Posted Aug 2, 2018 16:46 UTC (Thu)
by jwilk (subscriber, #63328)
[Link]
Posted Aug 2, 2018 17:01 UTC (Thu)
by farnz (subscriber, #17727)
[Link]
Most of the time, when I create a file, I want the permission bits set to 0o0666 & ~umask, and directories set to 0o0777 & ~umask. Coincidentally, this is the default permissions I will get with a plain syscall, no efforts to set permission bits.
Posted Jul 31, 2018 21:33 UTC (Tue)
by ejr (subscriber, #51652)
[Link] (2 responses)
This ish needs to go away. Posted Jul 31, 2018 21:34 UTC (Tue)
by JFlorian (guest, #49650)
[Link] (1 responses)
The task of grep'ing for division sounds ... awful. That reminds me of when I was trying to decipher some Ruby that did something like bar=%x'foo' and it was entirely non-obvious that foo was an executable. Googling for the answer seemed impossible and I kept mumbling "code is read more than written." I'm sure glad the author didn't have to type "exec" all the way out.
It seems all migrations (languages, apps, whatever) have one thing in common, however. Things wind up healthier on the flip side. Maybe buggier in the immediate short term, but better overall. It's like moving, a chance to revisit all the clutter that we surround ourselves with and become accustomed to. It doesn't mean it's fun though.
As always, your grumpiness makes *me* feel better, so thanks! :-)
Posted Aug 15, 2018 20:04 UTC (Wed)
by Wol (subscriber, #4433)
[Link]
Depends whether it's driven by tech, or by PHBs fed rubbish by sales people.
I can think of several disaster-story ports - Oxford Health Care is a well-known case story in my industry where the migration basically sent the company bankrupt, because the new system was far more resource hungry and less capable than its predecessor.
And my favourite story - consultants announcing to management (after SIX MONTHS hard work) that their new system was 10% faster than the old one. Only for the dinosaur in charge of the old system to overhear, and say "10%!, 10%!!!, you're PROUD that your twin Xeon 800 is ONLY ten percent faster than a PENTIUM NINETY!!!".
Cheers,
Posted Jul 31, 2018 22:07 UTC (Tue)
by RooTer (guest, #91640)
[Link]
Posted Jul 31, 2018 22:28 UTC (Tue)
by k8to (guest, #15413)
[Link] (4 responses)
* For the base problem, I've always favored shipping a lib dir with my project that the bootstrap explicitly adds to sys.path before (most) imports begin. Some people think it's hacky, but it works with any deployment model, and is simple. The only downside is if someone hacking on it doesn't realize this, so I usually put it in a README.

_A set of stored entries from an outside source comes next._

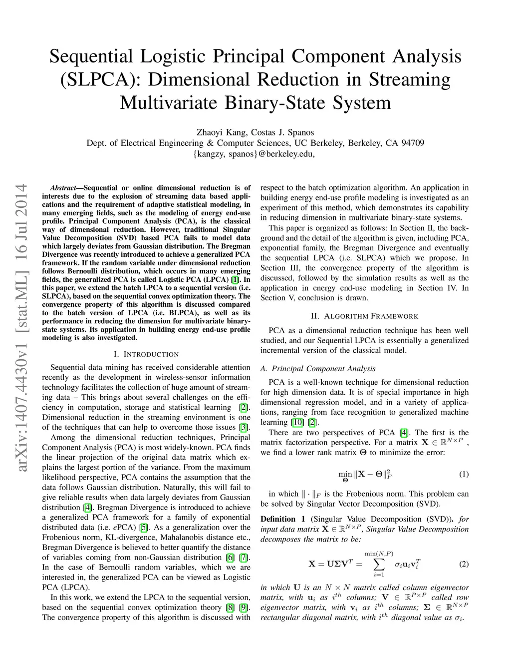 Sequential or online dimensional reduction is of interests due to the explosion of streaming data based applications and the requirement of adaptive statistical modeling, in many emerging fields, such as the modeling of energy end-use profile. Principal Component Analysis (PCA), is the classical way of dimensional reduction. However, traditional Singular Value Decomposition (SVD) based PCA fails to model data which largely deviates from Gaussian distribution. The Bregman Divergence was recently introduced to achieve a generalized PCA framework. If the random variable under dimensional reduction follows Bernoulli distribution, which occurs in many emerging fields, the generalized PCA is called Logistic PCA (LPCA). In this paper, we extend the batch LPCA to a sequential version (i.e. SLPCA), based on the sequential convex optimization theory. The convergence property of this algorithm is discussed compared to the batch version of LPCA (i.e. BLPCA), as well as its performance in reducing the dimension for multivariate binary-state systems. Its application in building energy end-use profile modeling is also investigated.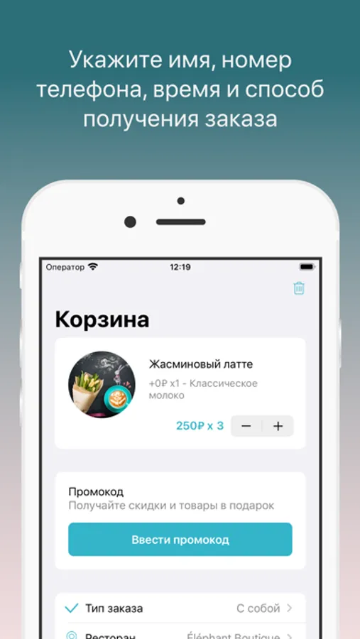 Как сделать заказ в приложении “Кофе в Геленджике”: выберите понравившиеся позиции из меню, добавьте их в корзину и перейдите на экран оформления заказа (по нажатию на иконку корзины).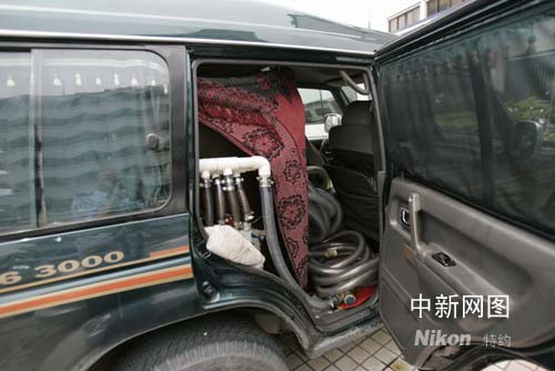 記者今日在佛山市張槎派出所內(nèi)看到,“油耗子”將吉普車(chē)改裝成的油罐車(chē)內(nèi)“裝備”齊全,車(chē)輛側(cè)窗和尾窗玻璃用布簾遮得嚴(yán)嚴(yán)實(shí)實(shí),根本看不到車(chē)內(nèi)的情形。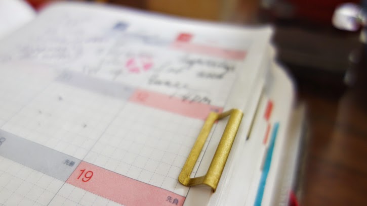 I am using 4 color ballpoint pen to color code my monthly planner page. The brass clip by HIGHTIDE to hold a pen is coming soon to the shop. Please stay tuned:)

* import loops are nasty, and it unfortunately takes a long time in python before your project is big enough or you do something unusual enough that they bite you. The net result is that you can end up with a lot of them before you realize you don't want them. Maybe pyflakes or whatever will auto-find them. Python is kind of best run with a lot of checkers, but sadly a lot of the checkers come with too many opinions and too much work to turn off the dumb ones.
-----
* For the division, it's been possible to get "new-style" division in python2 for many years now, so I've been able to make the switch gradually module by module. That doesn't help you of course. I guess this change makes python more similar to other languages, but I don't think it makes it more internally consistent, and I don't really think it was worth it. It's one of the things that was a pain in the butt when writing polyglot code to run on both.
* I hope you don't run into situations where you really want to use a utility thing that wants str when you have bytes. Often it's wrong to go bytes->str->util->str->bytes. Sometimes I have to just re-implement it, often copy-pasting from the python code. Probably I should write patches, but sometimes a whole module has the idea it only wants bytes, so it would be a large (and maybe controversial) patch.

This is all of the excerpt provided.